The period of birth had significant to highly significant (P <0.01) effect on birth, three and six months of ages and this might be due to variation in management practices and availability of quality fodder over the periods. It is in accordance with the report of Yadav et al. (2001). Season of birth had no significant (P >0.05) effect on body weight at different ages and is similar to the report of Yadav et al (2001). On the contrary, Basu & Rao (1979), Report (1982) and Kumaravel et al. (2004) observed significant effect of season of birth on body weight at different ages. The influence of sex of the calf was found to be significant on weight at birth and 12 months of age and highly significant effect on weaning weight. Males were heavier at all ages than the females. The increase in body weight probably arises from the increasing differences in the endocrine system between males and females (Swenson and Reece, 1993). Significant influence of the sex of the calf on birth weight was also reported by Basu & Rao (1979), Report (1982) and Kumaravel et al. (2004). Parity had highly significant effect on all the traits studied. The body weight observed in first parity (Figure 1) was significantly lower than those observed in later parities.



The direct heritability estimates for birth, three, six, nine and 12 months of age were 0.12 ± 0.01, 0.19 ± 0.02, 0.22 ± 0.06, 0.18 ± 0.08 and 0.20 ± 0.06 respectively and the maternal heritability estimates were 0.11 ± 0.02, 0.09 ± 0.02, 0.08 ± 0.03, 0.05 ± 0.01 and 0.08 ± 0.03, respectively (Figure 2). The maternal permanent environmental variances observed at birth, three, six, nine and 12 months of age 0.041 ± 0.013, 0.032 ± 0.014, 0.030 ± 0.013, 0.014 ± 0.009 and 0.028 ± 0.016, respectively. The increasing heritability of body weights at the later stages of developmental process indicates that environmental factors had more influence on birth weight than on the weights achieved later in developmental stages. The heritability of birth weight observed was lower than the findings of Report (1982) and Yadav et al. (2001) and Salces et al. (2006). The estimates of correlation between body weight at different ages are given in Table 3.

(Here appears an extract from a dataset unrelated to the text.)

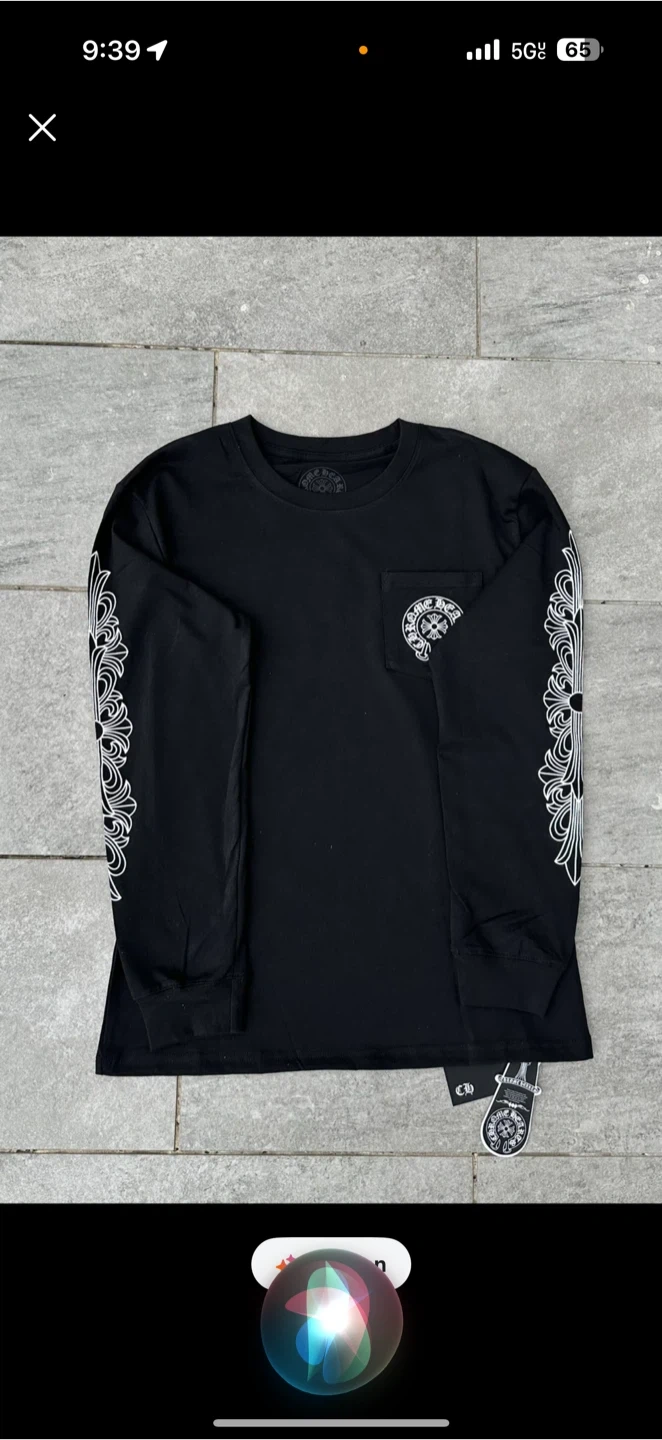 Selling a Chrome Hearts long sleeve shirt in black. Features the classic Chrome Hearts logo on the chest pocket and down the sleeves. Great condition!

The estimates of genetic correlation between birth weight and weight at different ages were medium to high and positive and it is in accordance with the previous reports on Murrah buffaloes (Report, 1982; Salces et al., 2006). The genetic correlations between body weight at different ages were positive and medium to high in magnitude. The moderately high genetic correlations between birth weight and the weight at six and nine months in this study indicate that selection for increased birth weight would also result in genetic improvement in the subsequent ages. Although the birth weight may be suitable criteria in a preliminary section for growth, the strong maternal influences must not be ignored, as it tends to mask the true genetic merit in the calves. The results of this study indicated that selection for weight should be done on the basis of six months or nine months weight. A positive response should be expected in other traits owing to the generally large and positive correlations.

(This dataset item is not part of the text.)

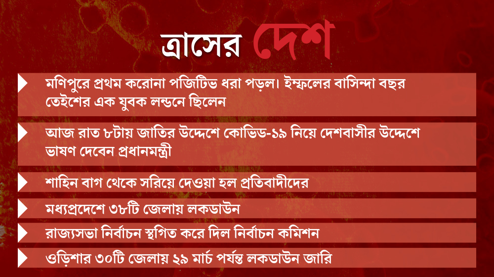 • মণিপুরে প্রথম করোনা পজিটিভ ধরা পড়ল। ইম্ফলের বাসিন্দা বছর তেইশের তরুণী লন্ডনে ছিলেন।

The study revealed that the non-genetic factors such as period of birth, sex of the calf and parity of the dam might be considered when performing an evaluation of Murrah calves based on growth traits. The effect of parity on the production performances has been demonstrated for the commercial exploitation of this breed for meat purpose. Estimated heritability for six months weight and its genetic correlations with body weight at other ages were high, suggesting that improvement in genetic gains for body weight could be reached by using this trait in selection programmes. Further estimation of genetic parameters based on large amounts of data on various economically important traits (i.e. growth efficiency traits along with body weights at different ages) will help in accurate selection of animals to improve the genetic capacity of the breed for meat production.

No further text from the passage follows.